[Items listed in a dataset]
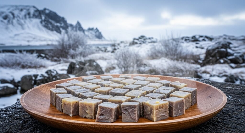 This old dish from Iceland is made of shark meat that sits for months. People eat it mostly when the weather gets cold outside. It smells like a harsh chemical cleaners and that might scare you. You only need a small bite to try it.
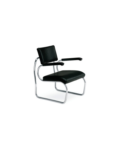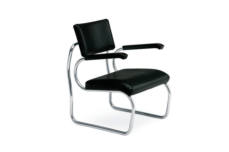 La poltroncina Sant’Elia è una seduta di design pratica e con pochi fronzoli, la cui estetica è costruita sul contrasto tra acciaio e pelle.
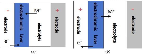 When a negative voltage is applied to the electrochromic layer, as shown in Figure 3a, cations and electrons enter the thin film simultaneously to undergo a redox reaction, generating a tungsten bronze structure, and the thin film changes from colorless to blue [48]; when a positive voltage is applied to the electrochromic layer, as shown in Figure 3b, cations and electrons are extracted from the thin film, W5+ is oxidized toW6+, and the thin film returns to its original colorless and transparent state.
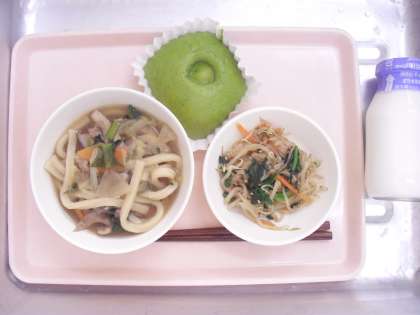 今日の給食「ちゃんこうどん・牛乳・もやしのカレーじょうゆかけ・ばばばあちゃんのなぞなぞむしぱん」
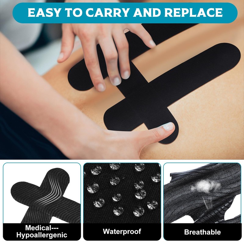 - Waterproof and elastic: Our precut kinesiology tape for lower back has a special waterproof coating, which will not lose its effectiveness due to water or sweat, and the back tape for lower back stability can be stretched up to 180% of its length, so it is easy to stretch to the desired length and not easy to tear
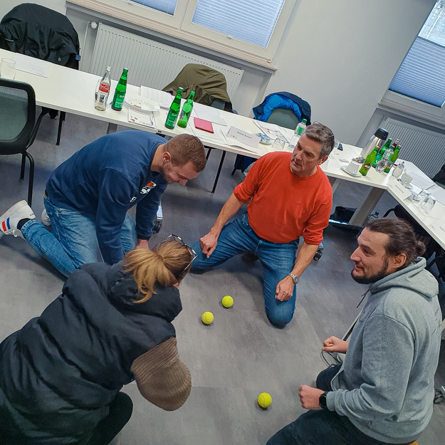 Bei dieser Übung musste ein Tennisball in möglichst kurzer Zeit durch alle Hände des Teams bewegt werden. Hier präsentieren (v. l. n. r.) Özlem Krasniqi, Arkadiusz Aftyka, Peter Nowack und Adrian Burkart ihre Strategie.
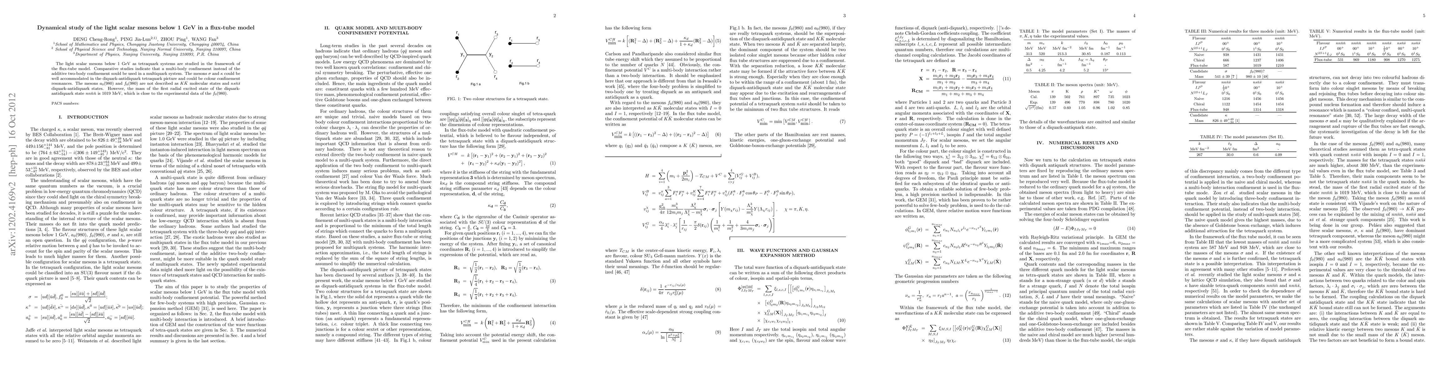 The light scalar mesons below 1 GeV as tetraquark states are studied in the framework of the flux-tube model, the multi-body confinement instead of the additive two-body confinement is used. From the calculated results, we find that the light scalar mesons, $\sigma$, $\kappa$ could be well accommodated in the diquark-antidiquark tetraquark picture in the flux-tube model and they could be color confinement resonances. The mass of the first radial excited state of $[ud][\bar{u}\bar{d}]$ is 1019 MeV, which is close to the mass of $f_0(980)$. Whereas $a_0(980)$ can not be fitted in this interpretation.
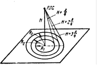 Для малых по сравнению с длиной волны и пологих неровностей применим метод возмущений (мелкомасштабная модель). Отраженная волна представляется в виде суммы волн от гладкой поверхности, определяемой коэффициентами отражения Френеля и обусловленной мелкими неровностями. Если радиус кривизны неровностей много больше длины волны (для плавных неровностей достаточно больших размеров), применим метод Кирхгофа (крупномасштабная модель). При этом отраженное поле вычисляется по законам геометрической оптики, т.е. так же, как при отражении от бесконечной касательной плоскости в данной точке поверхности. С учетом того, что в этой модели затенение одних участков поверхности другими отсутствует, можно воспользоваться коэффициентами отражения Френеля. При оценке участка гладкой поверхности, эффективно участвующего в формировании отраженного сигнала в сторону РЛС, можно воспользоваться зонами Френеля. Рассмотрим случай вертикального облучения земной поверхности. Метод построения зон ясен из рис.5.
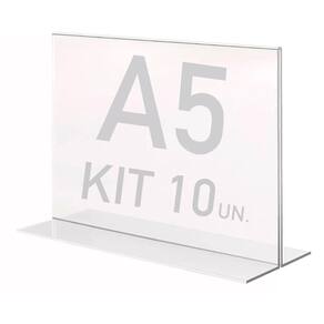 Kit 10 Displays expositor T A5 Horizontal transparente porta papel, podendo usar frente e verso (folha A5). .
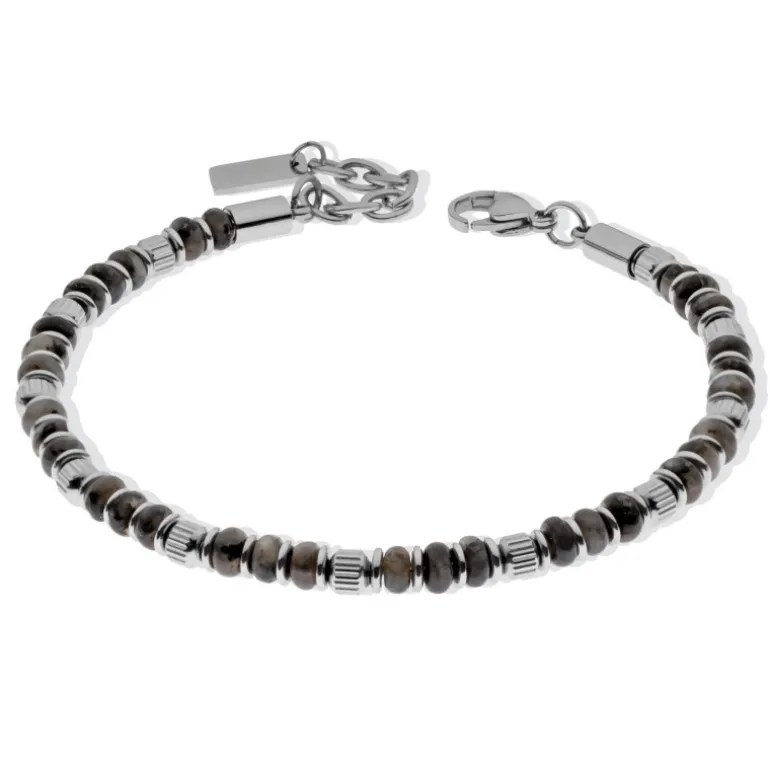 Stålarmband Zeke, stål och slipade stenar i olika grå nyanser. Bredd 4,5 mm. Justerbar i längd 19-22 cm.
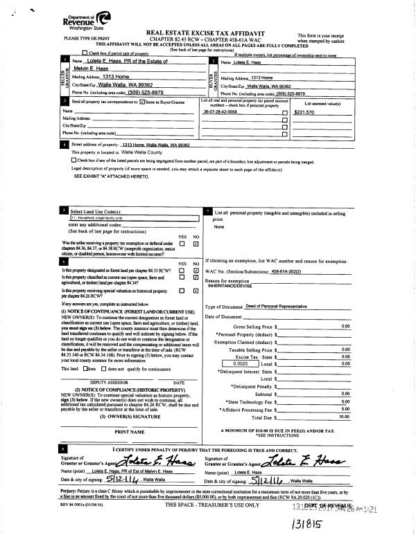 | 4 | 05/12/2016 | DPR | DEED OF PERSONAL REPRESENTATIVE | HAAS MELVIN E | HAAS LOLETA E | | | $0.00 | 131815 | 2017-00687 |
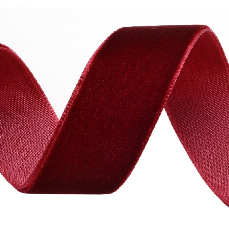 Лента бархатная, 25 мм, Бордовая (LEN-052253) / 1 м
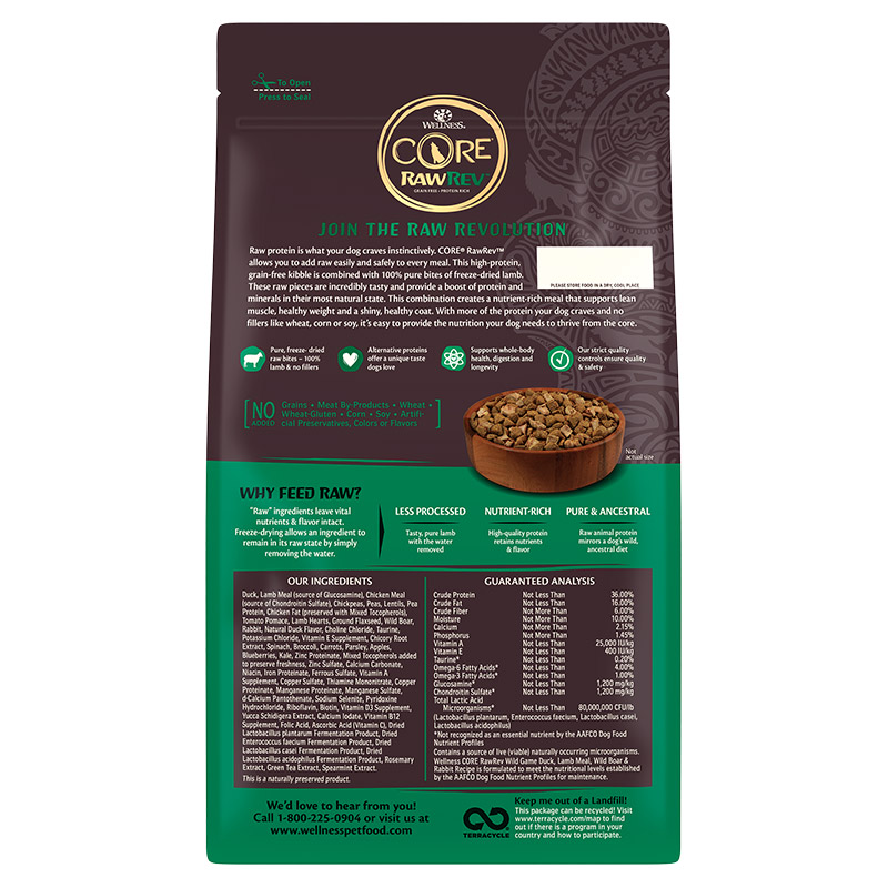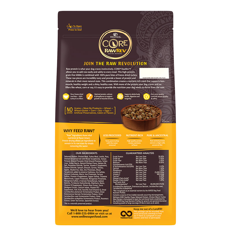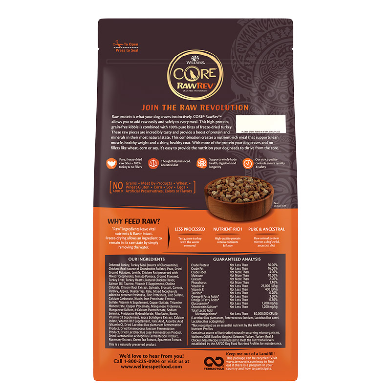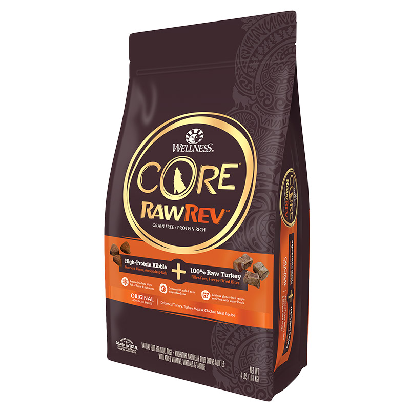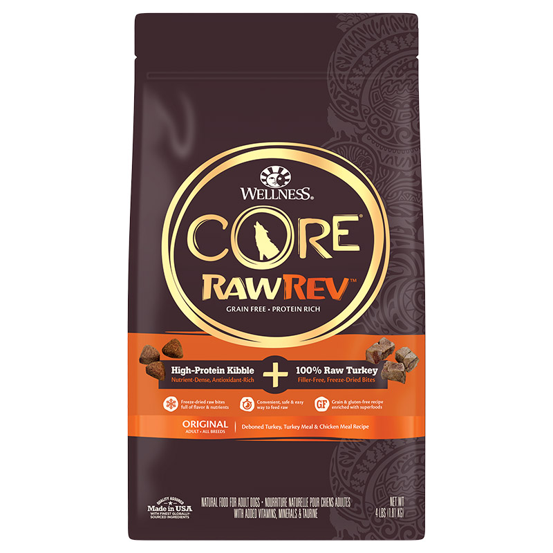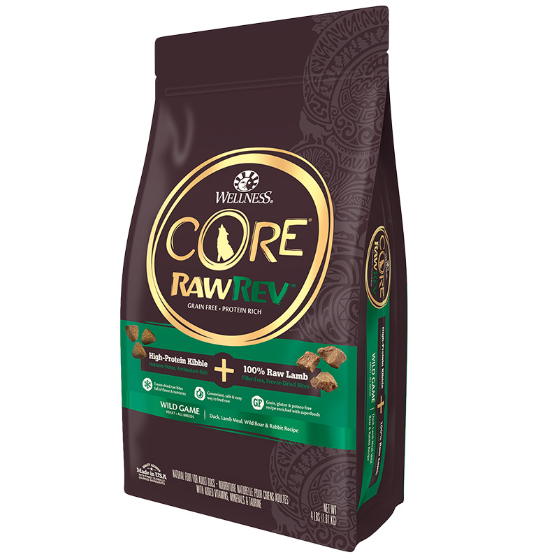 CORE RawRev allows you to add raw easily and safely to every meal. High-protein grain-free kibble is combined with 100% raw meat pieces to create a savoury, nutrient-rich meal packed with everything uour dog needs to thrive from the CORE.

• [Exercise brief]: Images do not belong in the copy; reproduce all other parts of the records above verbatim.

• [Result of this exercise]:
 This old dish from Iceland is made of shark meat that sits for months. People eat it mostly when the weather gets cold outside. It smells like a harsh chemical cleaners and that might scare you. You only need a small bite to try it.
 La poltroncina Sant’Elia è una seduta di design pratica e con pochi fronzoli, la cui estetica è costruita sul contrasto tra acciaio e pelle.
 When a negative voltage is applied to the electrochromic layer, as shown in Figure 3a, cations and electrons enter the thin film simultaneously to undergo a redox reaction, generating a tungsten bronze structure, and the thin film changes from colorless to blue [48]; when a positive voltage is applied to the electrochromic layer, as shown in Figure 3b, cations and electrons are extracted from the thin film, W5+ is oxidized toW6+, and the thin film returns to its original colorless and transparent state.
 今日の給食「ちゃんこうどん・牛乳・もやしのカレーじょうゆかけ・ばばばあちゃんのなぞなぞむしぱん」
 - Waterproof and elastic: Our precut kinesiology tape for lower back has a special waterproof coating, which will not lose its effectiveness due to water or sweat, and the back tape for lower back stability can be stretched up to 180% of its length, so it is easy to stretch to the desired length and not easy to tear
 Bei dieser Übung musste ein Tennisball in möglichst kurzer Zeit durch alle Hände des Teams bewegt werden. Hier präsentieren (v. l. n. r.) Özlem Krasniqi, Arkadiusz Aftyka, Peter Nowack und Adrian Burkart ihre Strategie.
 The light scalar mesons below 1 GeV as tetraquark states are studied in the framework of the flux-tube model, the multi-body confinement instead of the additive two-body confinement is used. From the calculated results, we find that the light scalar mesons, $\sigma$, $\kappa$ could be well accommodated in the diquark-antidiquark tetraquark picture in the flux-tube model and they could be color confinement resonances. The mass of the first radial excited state of $[ud][\bar{u}\bar{d}]$ is 1019 MeV, which is close to the mass of $f_0(980)$. Whereas $a_0(980)$ can not be fitted in this interpretation.
 Для малых по сравнению с длиной волны и пологих неровностей применим метод возмущений (мелкомасштабная модель). Отраженная волна представляется в виде суммы волн от гладкой поверхности, определяемой коэффициентами отражения Френеля и обусловленной мелкими неровностями. Если радиус кривизны неровностей много больше длины волны (для плавных неровностей достаточно больших размеров), применим метод Кирхгофа (крупномасштабная модель). При этом отраженное поле вычисляется по законам геометрической оптики, т.е. так же, как при отражении от бесконечной касательной плоскости в данной точке поверхности. С учетом того, что в этой модели затенение одних участков поверхности другими отсутствует, можно воспользоваться коэффициентами отражения Френеля. При оценке участка гладкой поверхности, эффективно участвующего в формировании отраженного сигнала в сторону РЛС, можно воспользоваться зонами Френеля. Рассмотрим случай вертикального облучения земной поверхности. Метод построения зон ясен из рис.5.
 Kit 10 Displays expositor T A5 Horizontal transparente porta papel, podendo usar frente e verso (folha A5). .
 Stålarmband Zeke, stål och slipade stenar i olika grå nyanser. Bredd 4,5 mm. Justerbar i längd 19-22 cm.
 | 4 | 05/12/2016 | DPR | DEED OF PERSONAL REPRESENTATIVE | HAAS MELVIN E | HAAS LOLETA E | | | $0.00 | 131815 | 2017-00687 |
 Лента бархатная, 25 мм, Бордовая (LEN-052253) / 1 м
 CORE RawRev allows you to add raw easily and safely to every meal. High-protein grain-free kibble is combined with 100% raw meat pieces to create a savoury, nutrient-rich meal packed with everything uour dog needs to thrive from the CORE.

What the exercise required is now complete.